In addition to the ability to detect a diseased state, the ability for a parameter to stage the severity of glaucomatous damage is also crucial. Most glaucoma staging systems are based on the extent of visual field abnormality27, although some are based on the extent of structural changes (such as optic disc damage28). Although the ability to stage disease severity can be evaluated by examining the AUC between pairs of disease severities, it can also be summarized by examining the ability of a parameter to correctly predict the degree of glaucomatous visual field damage at small intervals (such as visual field MD in 3-dB bins) and expressed using the pseudo R2 statistic29. We found that the average RNFL thickness was a poor predictor of visual field MD between eyes (pseudo R2 = 0.25), but that the sCSFI and eRGC count both performed significantly better (pseudo R2 = 0.85 and 0.74 respectively) as a result of incorporating visual field information.

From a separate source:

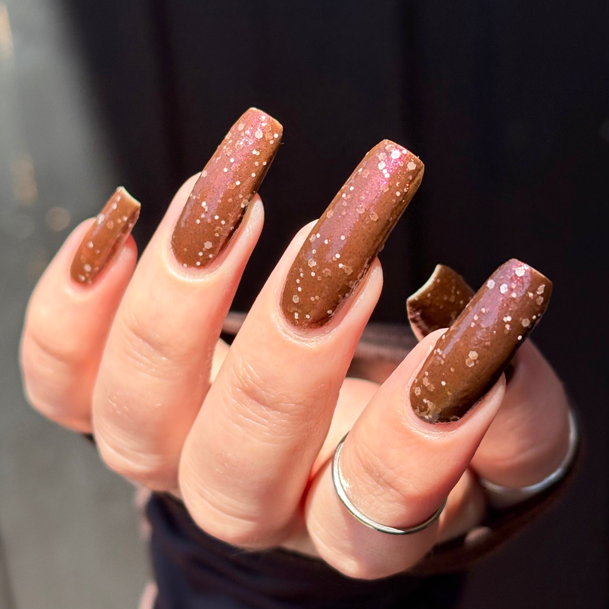 Note: This polish will be difficult to remove due to the various sizes of glitter. We recommend using a glitter smoothing top coat plus a glossy top coat.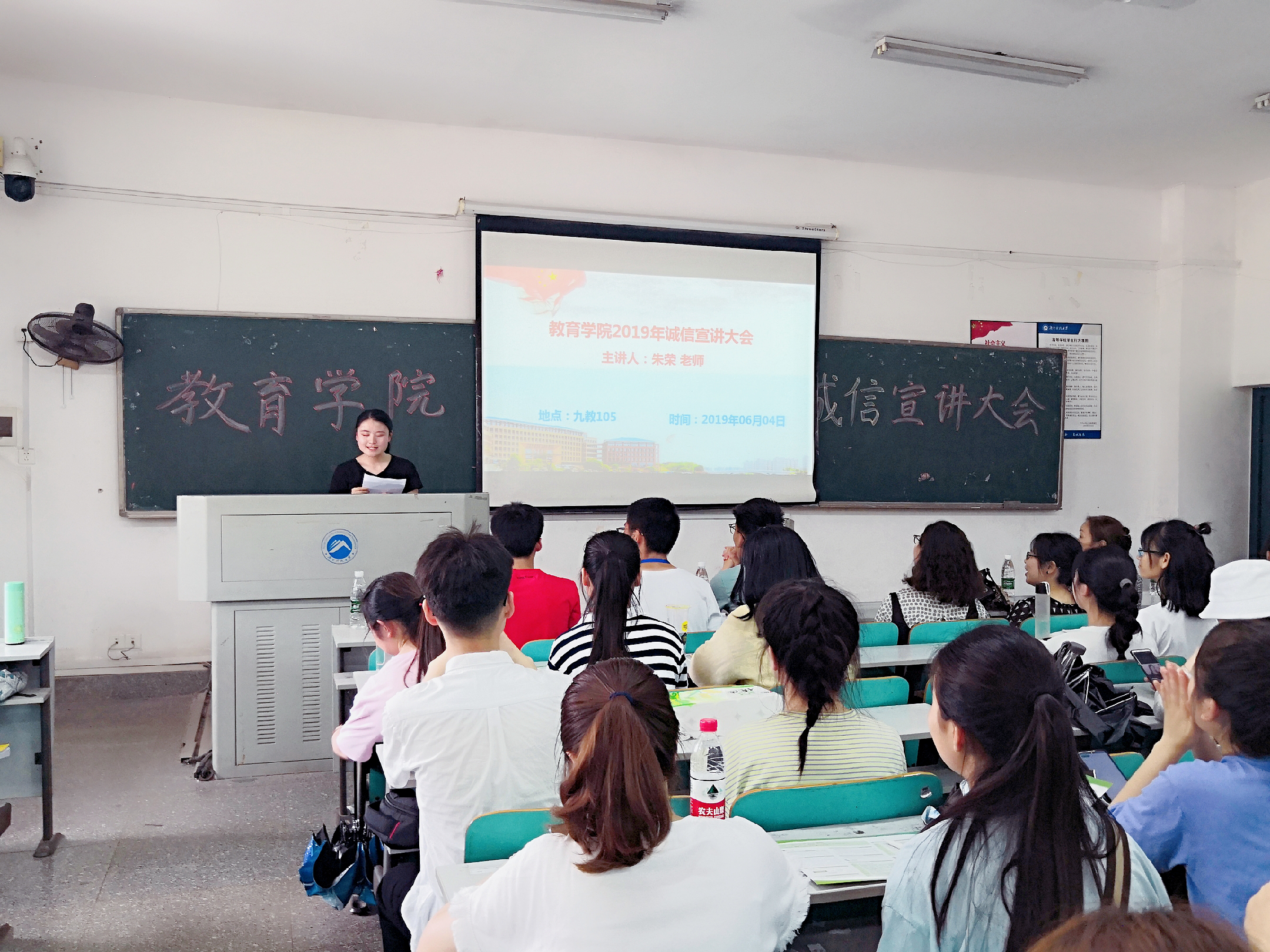 2019年6月4日下午16:30,yl88858永利集团2019年诚信宣讲大会在第九教学楼105教室举行。出席本次会议的嘉宾有湖南科技大学大学生资助办公室唐璟老师、法管学院朱荣老师以及yl88858永利集团学工办辅导员尹琼芳老师,yl88858永利集团17、18级的所有家庭经济困难学生和生源地贷款学生参与本次大会。本次会议由yl88858永利集团团委学生会勤工助学部副部长樊静稳主持。

These findings of the improved ability to detect and stage glaucomatous damage with the sCSFI compared to either structural or functional measures in isolation are apparent when examining the relationship between the results of the two clinical tests. For instance, the RNFL thickness can vary widely when visual field MD is relatively normal, but the RNFL thickness values reach a measurement floor5,15,16 while visual field sensitivities can still span a wide range of values. Instead, the sCSFI captures these differences across the entire spectrum of the disease, in a similar manner to the eRGC count parameter as we have demonstrated in our previous studies2,3. As such, the sCSFI provides an improved means to detect and stage glaucomatous damage across the entire disease spectrum, making use of the structural and functional measures at their optimal clinical accuracies to provide a single and intuitive estimate of disease severity.

The improved ability to detect and stage the glaucomatous severity with the sCSFI compared to the eRGC count parameter may be attributed to several factors. Although a similar weighted averaging system based on the level visual field damage was used for both parameters2, the sCSFI performs this averaging for mean TD values between 0 and − 10 dB for each quadrant, as opposed to averaging between MD values of 0 and − 30 dB for the eRGC count. This was performed since the RNFL thickness often becomes asymptotic when the mean TD is below − 10 dB5. In fact, the sCSFI performed similarly to the eRGC count parameter when the averaging was performed for mean TD values between 0 and − 30 dB (data not shown). In addition, the OCT component of the sCSFI was not transformed based on any assumptions about its relationship with visual sensitivity, such as seeking to account for age-related remodeling of the RNFL axonal density used for the eRGC count4, which may have introduced additional variability. Nevertheless, the utility of both combined indices support previous reports on the clinical value of the eRGC count parameter2,17,18,19,20,21,22, and suggests that these benefits are likely to be observed for the sCSFI as well; future studies are required to confirm this.

The sCSFI provides useful information for the clinical management of glaucoma, by providing a single intuitive-to-interpret, age-adjusted approximation of the percentage of glaucomatous damage across its entire dynamic range. However, a limitation of this study was the inability to assess its performance at staging disease severity, since there are currently no readily accepted and robust measures of this across the entire disease spectrum apart from using visual field measures, which are used as part of calculating the sCSFI. Therefore, future studies are now needed to examine the relationship between the sCSFI and an independent measure of functional disability, so that the interpretation of this measure in relation to its impact on outcomes relevant to a patient can be established1. To further establish the clinical utility of the sCSFI, future studies are now also required to examine its performance for capturing disease progression in glaucoma. The methods developed in this study to combine the OCT and visual field measures also provide a useful framework for future studies to explore whether other clinical parameters or measures that could be combined to further improve their use for detecting and staging glaucomatous damage. For example, neuroretinal thickness measurements from the macular region could be combined with central visual field sensitivity measurements to further improve the characterization of early glaucomatous macular damage. Functional imaging techniques (e.g. OCT angiography) and novel visual function and electrophysiological tests could also be combined with current clinical tests to further improve the detection and characterization of glaucomatous damage.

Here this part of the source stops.